Given records -
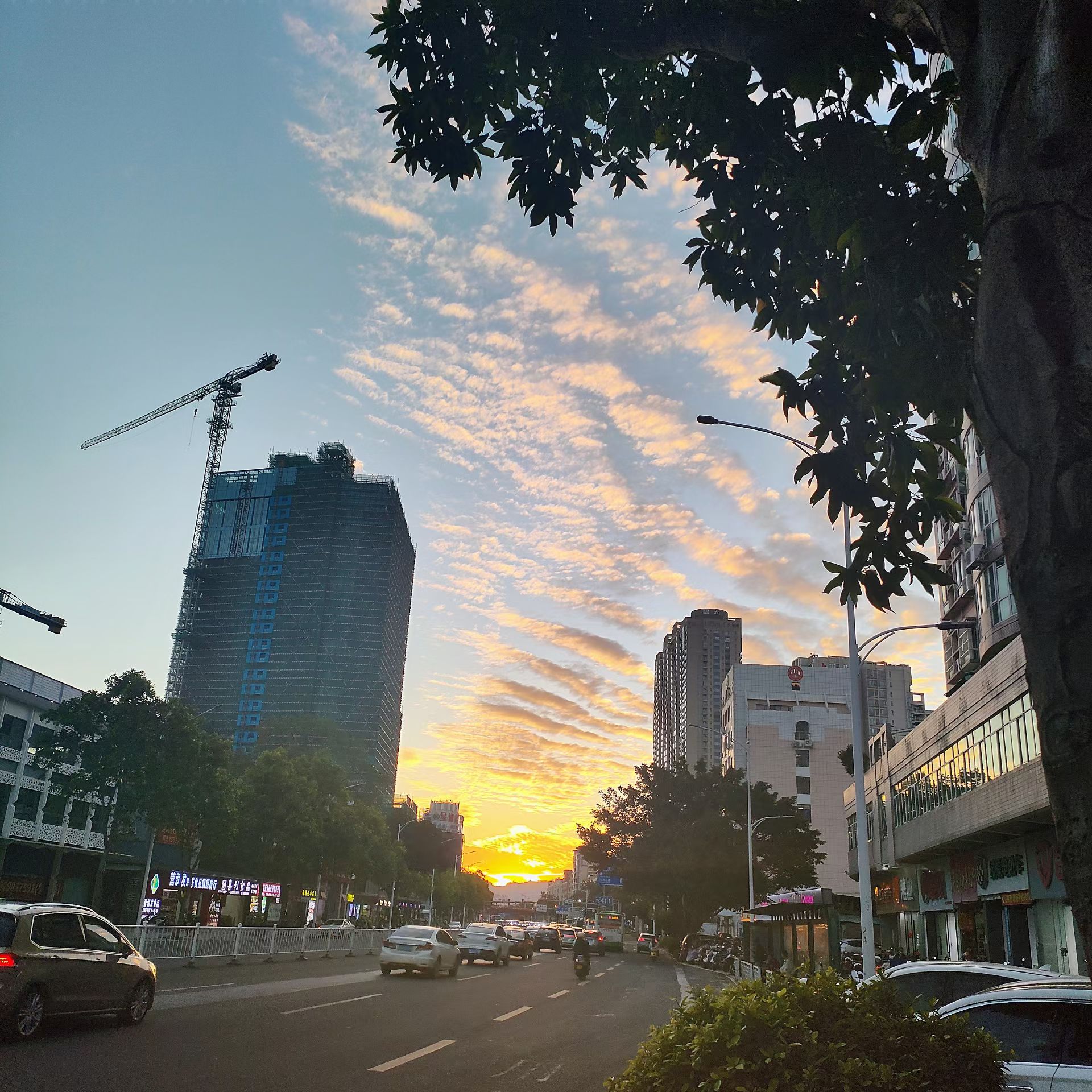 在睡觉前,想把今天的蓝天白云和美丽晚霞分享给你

---

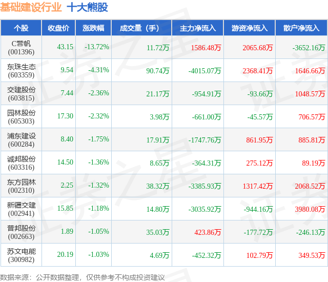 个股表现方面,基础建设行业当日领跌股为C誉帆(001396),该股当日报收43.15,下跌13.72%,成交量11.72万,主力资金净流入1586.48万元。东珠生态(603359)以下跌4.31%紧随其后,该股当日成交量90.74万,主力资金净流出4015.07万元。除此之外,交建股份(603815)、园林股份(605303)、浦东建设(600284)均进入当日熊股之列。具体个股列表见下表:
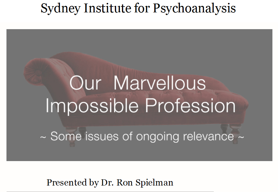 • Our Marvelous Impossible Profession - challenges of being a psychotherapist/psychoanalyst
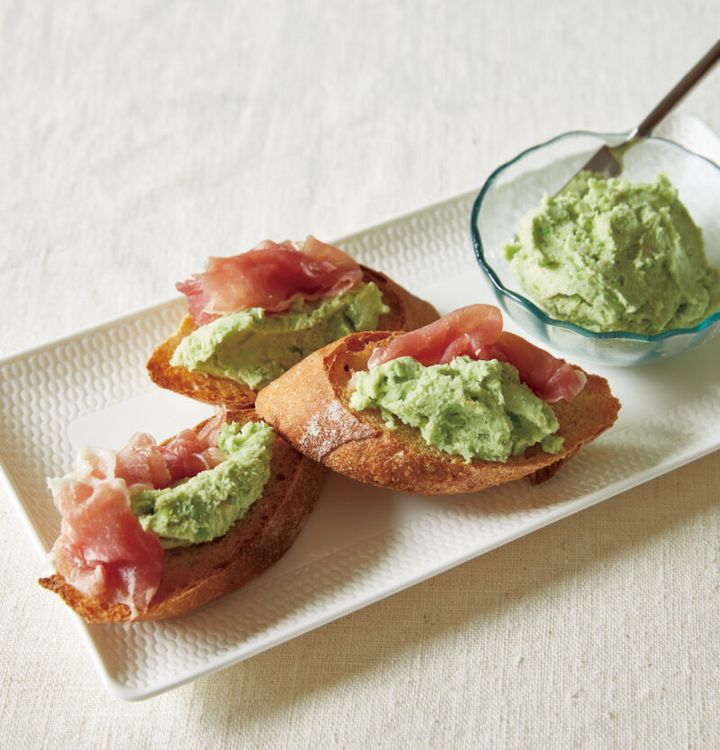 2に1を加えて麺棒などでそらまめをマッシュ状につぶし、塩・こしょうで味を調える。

---

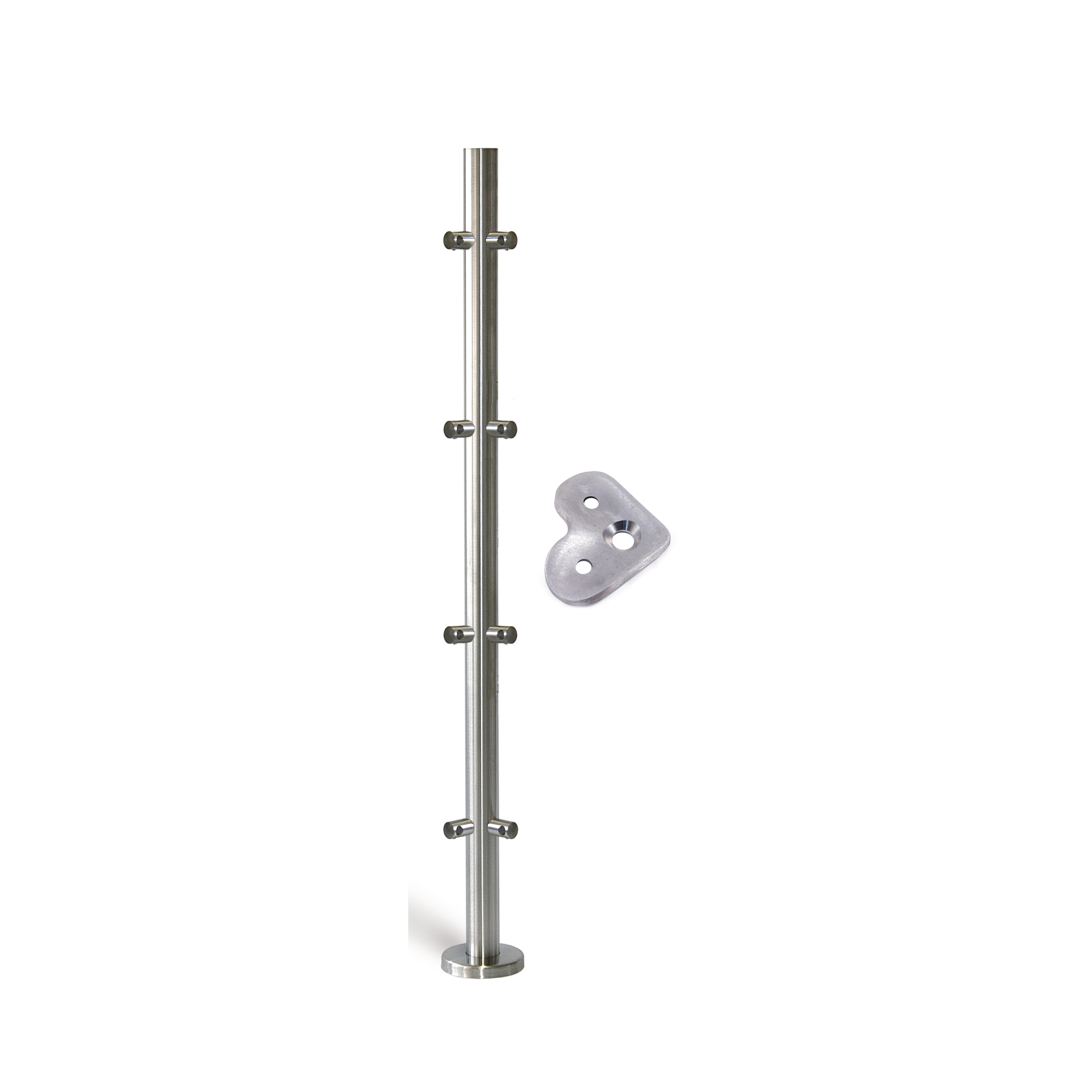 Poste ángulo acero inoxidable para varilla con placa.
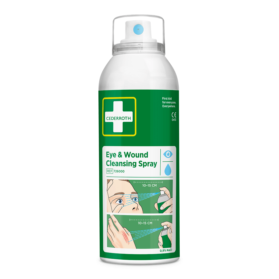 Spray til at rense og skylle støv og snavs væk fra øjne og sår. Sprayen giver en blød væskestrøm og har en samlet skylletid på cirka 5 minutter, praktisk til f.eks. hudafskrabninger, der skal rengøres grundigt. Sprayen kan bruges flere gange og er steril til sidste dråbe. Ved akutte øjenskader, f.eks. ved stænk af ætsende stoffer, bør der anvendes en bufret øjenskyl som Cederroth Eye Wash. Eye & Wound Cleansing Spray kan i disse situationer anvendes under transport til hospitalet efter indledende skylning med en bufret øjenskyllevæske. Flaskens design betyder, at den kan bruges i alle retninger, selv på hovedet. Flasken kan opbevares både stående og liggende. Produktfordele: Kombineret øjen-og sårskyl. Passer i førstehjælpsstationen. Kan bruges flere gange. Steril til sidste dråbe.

What the exercise asks -
Work from the entries above. Set down exactly and only the lines from the line with "of being a psychotherapist/psychoanalyst" to the line with "2に1を加えて麺棒などでそら", both included, and leave the pictures out.

Answer to this task -
 • Our Marvelous Impossible Profession - challenges of being a psychotherapist/psychoanalyst
 2に1を加えて麺棒などでそらまめをマッシュ状につぶし、塩・こしょうで味を調える。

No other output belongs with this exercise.